You may want to be careful. Dock foam is reinforced with fiberglass and can make pretty nasty dust when cut. It may not carve the way you want. Just wear a dust mask when you mess with it so you don't end up irritating your lungs. Good luck and let us know what you do with all that foam.


----------



## Thegardenofshadows (Jun 3, 2010)

Hmm. Thanks for the heads up. I'll post pics when we start work.


----------



## hallorenescene (Dec 28, 2007)

that looks really cool. good luck. but take care, sounds like a good heads up from deadly


----------



## Brimstonewitch (Aug 23, 2009)

Totally jealous! Foam board just isn't available in my area.

Good thinking with that warning Deadlypeanutboy.


----------



## Junit (Sep 1, 2008)

Cool idea! Thats the first thing I thought of when I saw the big foam slabs... I bet you could carve the inside out of two of them and make a faux coffin... Good heads up deadly!


----------



## Frankie's Girl (Aug 27, 2007)

I found a 10 foot x 4 foot piece at the side of the road last year. Ended up using chunks of it to make a stone well for my Donna of the Dead to do a Ring tribute (I think there's a pic in my 2009 album?) Still have a pretty decent section of it but not enough to do a coffin unfortunately! 

I love the idea of making a coffin out of them, but just from experience, you'll need something like a chainsaw and dustmask and a space where you don't mind LOTS of particle dust. We used a handsaw and it was messy and took a while!


----------



## madmax (Dec 28, 2003)

I used dock foam before and didn't notice any fiberglass so I guess there's different types.

Another source, if you can luck up on it, is a movie theater. They use huge blocks (3 to 4 foot thick) of foam in large sheets to sound proof the building. I lucked up a few years ago and got five loads (the picture below is just one load) of throw away foam.

Always ask the construction foreman before taking anything. He gave me everything I wanted that was in the dumpster. The dumpster was at least 20 feet long and it held a lot of foam . So if you see any construction going on at a theater drive by it and look at whats being used.


----------



## deadlypeanutboy (Oct 9, 2007)

Holy crap, madmax! That picture is one of the most beautiful things I've ever seen! So much foam!!! I would be beside myself if I could luck out like that. Great find and a great tip!


----------



## Thom_Serveaux (May 8, 2008)

madmax said:


> I used dock foam before and didn't notice any fiberglass so I guess there's different types.
> 
> Another source, if you can luck up on it, is a movie theater.
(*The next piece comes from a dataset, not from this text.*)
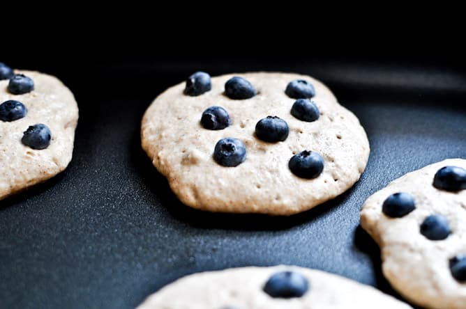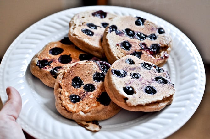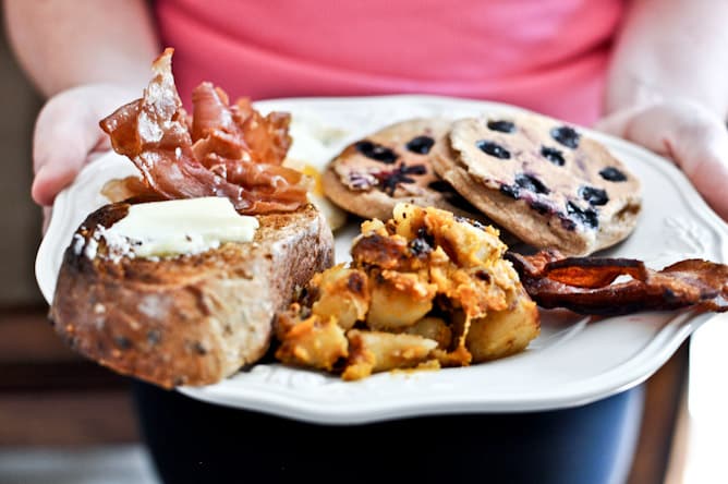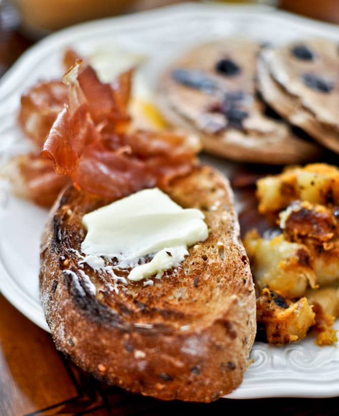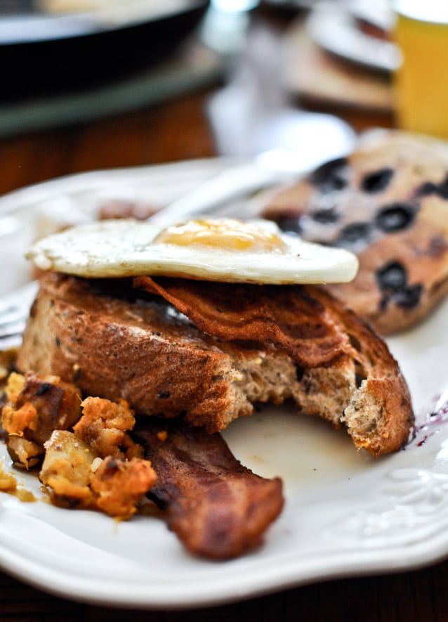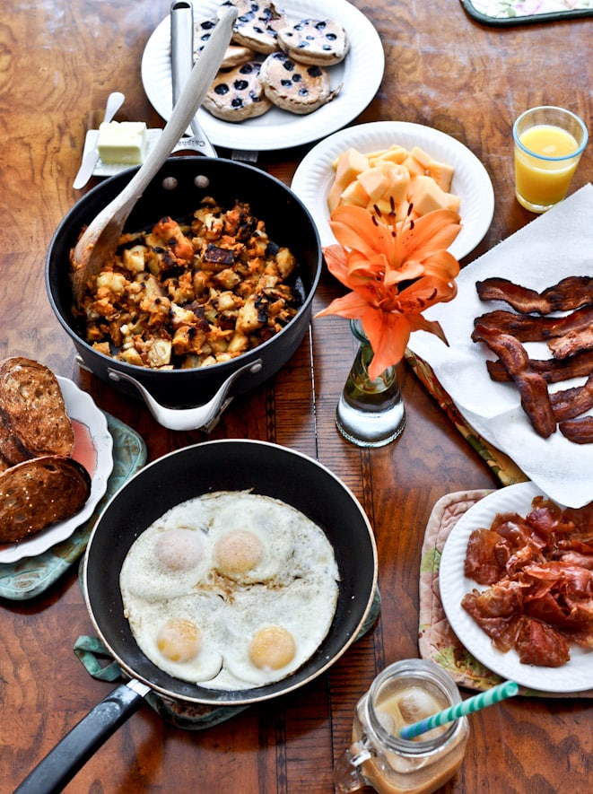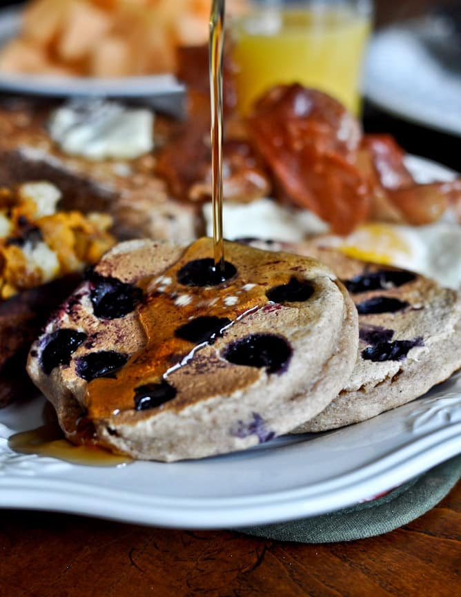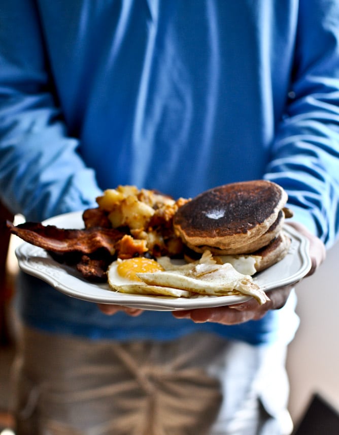 Less than 24 hours after returning from vacation and one rushed load of laundry later, my husband had to jet off for a work trip. I decided to surprise him with a big brunch when he got home yesterday afternoon, complete with whole wheat blueberry pancakes, bacon, toast, sweet potato hash browns, eggs cooked in bacon grease, cantaloupe, fried pancetta, warm syrup and orange juice.

They use huge blocks (3 to 4 foot thick) of foam in large sheets to sound proof the building. I lucked up a few years ago and got five loads (the picture below is just one load) of throw away foam.
> 
> Always ask the construction foreman before taking anything. He gave me everything I wanted that was in the dumpster. The dumpster was at least 20 feet long and it held a lot of foam . So if you see any construction going on at a theater drive by it and look at whats being used.


Damn, MM I wish I had known that. I used to work as a janitor at a local theater. They built a new mega-plex and they outsourced a bunch of us to a cleaning service. Before that a bunch of us, (janitors, ushers, etc, were give the task of disassembling the seats. Didn't know of the sound proofing, though... *sigh*


----------



## kjbittick (Oct 22, 2009)

The Garden: I have used old dock foam before for props, just not Halloween props. I have made some awesome looking rocks out of them. I never found any fiberglass, but that may be a regional thing. The problem I had was that the aged foam doesn't cut or sand like new foam. The water pits the foam, and turns parts of it hard and crumbly. Of course, the water puts a kind of scum on the foam also. Our pieces were from a lake, and were very grainy in some places. It worked to my advantage when I was doing the rocks. Good luck on your project!


----------



## madmax (Dec 28, 2003)

I had the same problem when using dock foam but it's very good for rocks and things like that.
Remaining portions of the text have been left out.